Extracted data entries
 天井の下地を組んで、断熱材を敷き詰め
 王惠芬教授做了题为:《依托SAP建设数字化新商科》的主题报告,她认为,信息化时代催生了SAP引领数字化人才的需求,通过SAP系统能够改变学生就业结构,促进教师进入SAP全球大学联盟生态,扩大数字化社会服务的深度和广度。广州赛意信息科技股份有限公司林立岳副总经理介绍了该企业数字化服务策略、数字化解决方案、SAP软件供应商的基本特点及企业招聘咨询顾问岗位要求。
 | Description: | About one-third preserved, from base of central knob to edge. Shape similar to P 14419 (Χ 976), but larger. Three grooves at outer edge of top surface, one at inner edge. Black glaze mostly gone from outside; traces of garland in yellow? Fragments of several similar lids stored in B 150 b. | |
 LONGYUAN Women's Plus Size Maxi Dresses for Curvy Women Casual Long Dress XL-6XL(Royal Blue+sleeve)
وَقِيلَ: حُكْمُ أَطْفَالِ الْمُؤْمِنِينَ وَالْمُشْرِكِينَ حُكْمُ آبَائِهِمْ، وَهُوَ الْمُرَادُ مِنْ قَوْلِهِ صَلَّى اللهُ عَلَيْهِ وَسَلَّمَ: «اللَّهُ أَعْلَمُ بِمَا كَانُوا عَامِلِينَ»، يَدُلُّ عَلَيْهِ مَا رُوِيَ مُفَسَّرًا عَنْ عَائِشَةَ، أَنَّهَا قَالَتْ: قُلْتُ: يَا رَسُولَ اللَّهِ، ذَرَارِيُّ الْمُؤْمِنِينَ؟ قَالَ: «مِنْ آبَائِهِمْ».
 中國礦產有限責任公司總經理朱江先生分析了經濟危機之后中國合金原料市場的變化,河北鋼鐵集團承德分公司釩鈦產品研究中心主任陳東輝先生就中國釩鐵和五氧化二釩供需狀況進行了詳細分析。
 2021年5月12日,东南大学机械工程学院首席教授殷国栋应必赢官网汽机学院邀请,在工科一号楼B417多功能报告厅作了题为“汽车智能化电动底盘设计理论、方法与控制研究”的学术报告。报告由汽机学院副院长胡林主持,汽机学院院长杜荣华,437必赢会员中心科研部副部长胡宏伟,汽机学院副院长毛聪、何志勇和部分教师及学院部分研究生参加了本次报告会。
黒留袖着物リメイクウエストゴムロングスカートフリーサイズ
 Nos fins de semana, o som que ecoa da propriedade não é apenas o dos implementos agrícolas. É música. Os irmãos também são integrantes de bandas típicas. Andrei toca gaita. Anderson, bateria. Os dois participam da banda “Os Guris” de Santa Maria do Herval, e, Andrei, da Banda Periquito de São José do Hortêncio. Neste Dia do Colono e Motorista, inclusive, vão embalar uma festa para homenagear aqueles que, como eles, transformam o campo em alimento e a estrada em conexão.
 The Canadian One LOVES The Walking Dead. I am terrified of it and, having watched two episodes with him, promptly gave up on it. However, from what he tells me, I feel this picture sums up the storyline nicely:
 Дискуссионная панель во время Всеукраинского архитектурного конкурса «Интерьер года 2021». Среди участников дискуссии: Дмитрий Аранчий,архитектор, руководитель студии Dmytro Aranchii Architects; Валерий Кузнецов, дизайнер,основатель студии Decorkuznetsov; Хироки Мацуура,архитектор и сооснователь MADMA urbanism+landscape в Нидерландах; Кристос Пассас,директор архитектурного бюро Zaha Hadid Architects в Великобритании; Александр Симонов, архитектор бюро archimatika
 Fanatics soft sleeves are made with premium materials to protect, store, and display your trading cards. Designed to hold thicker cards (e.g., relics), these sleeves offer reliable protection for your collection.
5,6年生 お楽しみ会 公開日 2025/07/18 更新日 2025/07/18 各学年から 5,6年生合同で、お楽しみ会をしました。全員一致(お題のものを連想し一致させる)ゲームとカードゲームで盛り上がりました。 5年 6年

**TASK ITEM:**
Each entry above should be restated exactly as supplied.

**RESULT:**
 天井の下地を組んで、断熱材を敷き詰め
 王惠芬教授做了题为:《依托SAP建设数字化新商科》的主题报告,她认为,信息化时代催生了SAP引领数字化人才的需求,通过SAP系统能够改变学生就业结构,促进教师进入SAP全球大学联盟生态,扩大数字化社会服务的深度和广度。广州赛意信息科技股份有限公司林立岳副总经理介绍了该企业数字化服务策略、数字化解决方案、SAP软件供应商的基本特点及企业招聘咨询顾问岗位要求。
 | Description: | About one-third preserved, from base of central knob to edge. Shape similar to P 14419 (Χ 976), but larger. Three grooves at outer edge of top surface, one at inner edge. Black glaze mostly gone from outside; traces of garland in yellow? Fragments of several similar lids stored in B 150 b. | |
 LONGYUAN Women's Plus Size Maxi Dresses for Curvy Women Casual Long Dress XL-6XL(Royal Blue+sleeve)
وَقِيلَ: حُكْمُ أَطْفَالِ الْمُؤْمِنِينَ وَالْمُشْرِكِينَ حُكْمُ آبَائِهِمْ، وَهُوَ الْمُرَادُ مِنْ قَوْلِهِ صَلَّى اللهُ عَلَيْهِ وَسَلَّمَ: «اللَّهُ أَعْلَمُ بِمَا كَانُوا عَامِلِينَ»، يَدُلُّ عَلَيْهِ مَا رُوِيَ مُفَسَّرًا عَنْ عَائِشَةَ، أَنَّهَا قَالَتْ: قُلْتُ: يَا رَسُولَ اللَّهِ، ذَرَارِيُّ الْمُؤْمِنِينَ؟ قَالَ: «مِنْ آبَائِهِمْ».
 中國礦產有限責任公司總經理朱江先生分析了經濟危機之后中國合金原料市場的變化,河北鋼鐵集團承德分公司釩鈦產品研究中心主任陳東輝先生就中國釩鐵和五氧化二釩供需狀況進行了詳細分析。
 2021年5月12日,东南大学机械工程学院首席教授殷国栋应必赢官网汽机学院邀请,在工科一号楼B417多功能报告厅作了题为“汽车智能化电动底盘设计理论、方法与控制研究”的学术报告。报告由汽机学院副院长胡林主持,汽机学院院长杜荣华,437必赢会员中心科研部副部长胡宏伟,汽机学院副院长毛聪、何志勇和部分教师及学院部分研究生参加了本次报告会。
黒留袖着物リメイクウエストゴムロングスカートフリーサイズ
 Nos fins de semana, o som que ecoa da propriedade não é apenas o dos implementos agrícolas. É música. Os irmãos também são integrantes de bandas típicas. Andrei toca gaita. Anderson, bateria. Os dois participam da banda “Os Guris” de Santa Maria do Herval, e, Andrei, da Banda Periquito de São José do Hortêncio. Neste Dia do Colono e Motorista, inclusive, vão embalar uma festa para homenagear aqueles que, como eles, transformam o campo em alimento e a estrada em conexão.
 The Canadian One LOVES The Walking Dead. I am terrified of it and, having watched two episodes with him, promptly gave up on it. However, from what he tells me, I feel this picture sums up the storyline nicely:
 Дискуссионная панель во время Всеукраинского архитектурного конкурса «Интерьер года 2021». Среди участников дискуссии: Дмитрий Аранчий,архитектор, руководитель студии Dmytro Aranchii Architects; Валерий Кузнецов, дизайнер,основатель студии Decorkuznetsov; Хироки Мацуура,архитектор и сооснователь MADMA urbanism+landscape в Нидерландах; Кристос Пассас,директор архитектурного бюро Zaha Hadid Architects в Великобритании; Александр Симонов, архитектор бюро archimatika
 Fanatics soft sleeves are made with premium materials to protect, store, and display your trading cards. Designed to hold thicker cards (e.g., relics), these sleeves offer reliable protection for your collection.
5,6年生 お楽しみ会 公開日 2025/07/18 更新日 2025/07/18 各学年から 5,6年生合同で、お楽しみ会をしました。全員一致(お題のものを連想し一致させる)ゲームとカードゲームで盛り上がりました。 5年 6年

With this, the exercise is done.